A Norwegian state owned engineering company earlier this year chose to reject a deal for salt from Moroccan-occupied Western Sahara because they found that it would be in violation of their human rights standards. But a Danish company is doing the opposite.
After having consulted both the Norwegian authorities and the Norwegian Support Committee for Western Sahara, engineering company Mesta chose not to conclude a deal with the American salt producer Crystal Mountain.
“Based on the information we were given we chose not to pursue the deal with Crystal Mountain, because of the violations of human rights in the territory”, Director of Procurement at Mesta Paul Robert Rotevatn told Africa Contact, who has tracked and publicised the trade between a Danish company and Crystal Mountain for two years.

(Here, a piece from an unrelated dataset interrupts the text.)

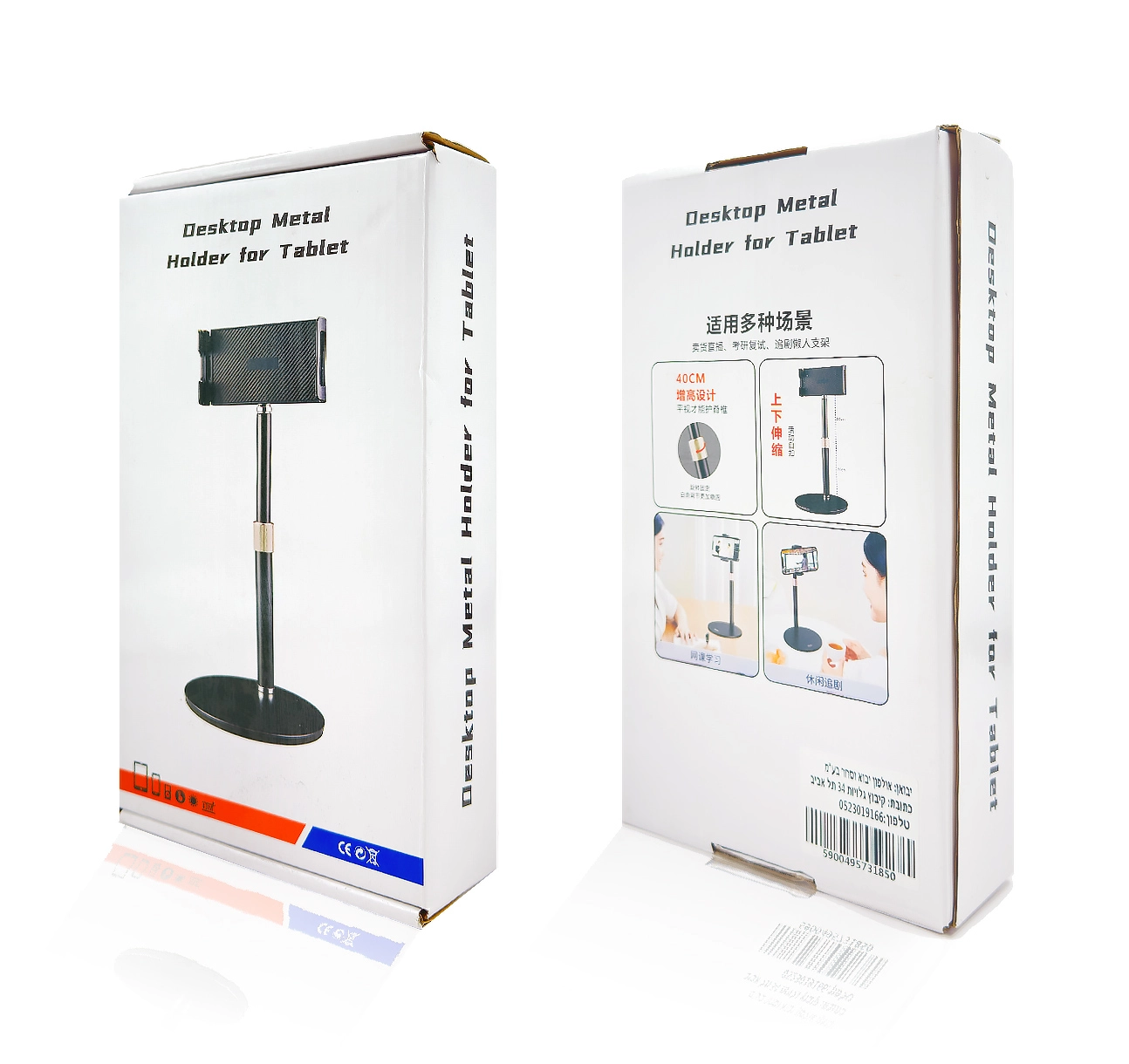 מעמד ל- iPad/Tablet עם בסיס חזק ויציב ומתכוונן (מתאים גם למכשירי סלולר)

A letter to the editor of local newspaper Avisa Nordland earlier in December had implied that Mesta dealt with the Moroccan occupiers in Western Sahara. But Mesta has never purchased salt from Western Sahara, and will not be doing so in the future, says Paul Robert Rotevatn. “Our priority is to have serious suppliers that base their work on ethics and human rights”.
90.000 kilometres of road connects Norway’s towns and cities, most of which needs salting during the winter period, and Norway therefore imports millions of Euros worth of road salt every year (over 20 million Euros from Tunisia alone). The abandoned deal between Crystal Mountain and Mesta was therefore potentially worth millions.
Another Scandinavian company, Danish salt importer Dansk Vejsalt, has chosen a wholly different approach to Mesta in continuing to import salt from Crystal Mountain in Western Sahara, despite having been informed by Africa Contact on several occasions that they are violating international law by doing so, and against the admittedly less than persistent recommendations of the Danish government.
And although four Danish municipalities choose not to buy salt from Western Sahara through Dansk Vejsalt, due to pressure from Africa Contact, several others continue to do so in violation of international law and the recommendations of the United Nations.
According to international law, selling of goods from non-self-governing territories such as Africa’s last colony, Western Sahara, has to be approved by and benefit the indigenous population.
But Western Sahara’s indigenous population, the saharawis, and their UN-recognised representative, the Polisario Front, have never accepted, agreed to or benefitted from Moroccan trading with their natural resources, however.
On the contrary, both Polisario and scores of Saharawi citizens in the occupied territories of Western Sahara have protested vigorously and continuously against what they refer to as the plundering of their resources.
* Peter Kenworthy is a journalist working with Africa Contact, Denmark.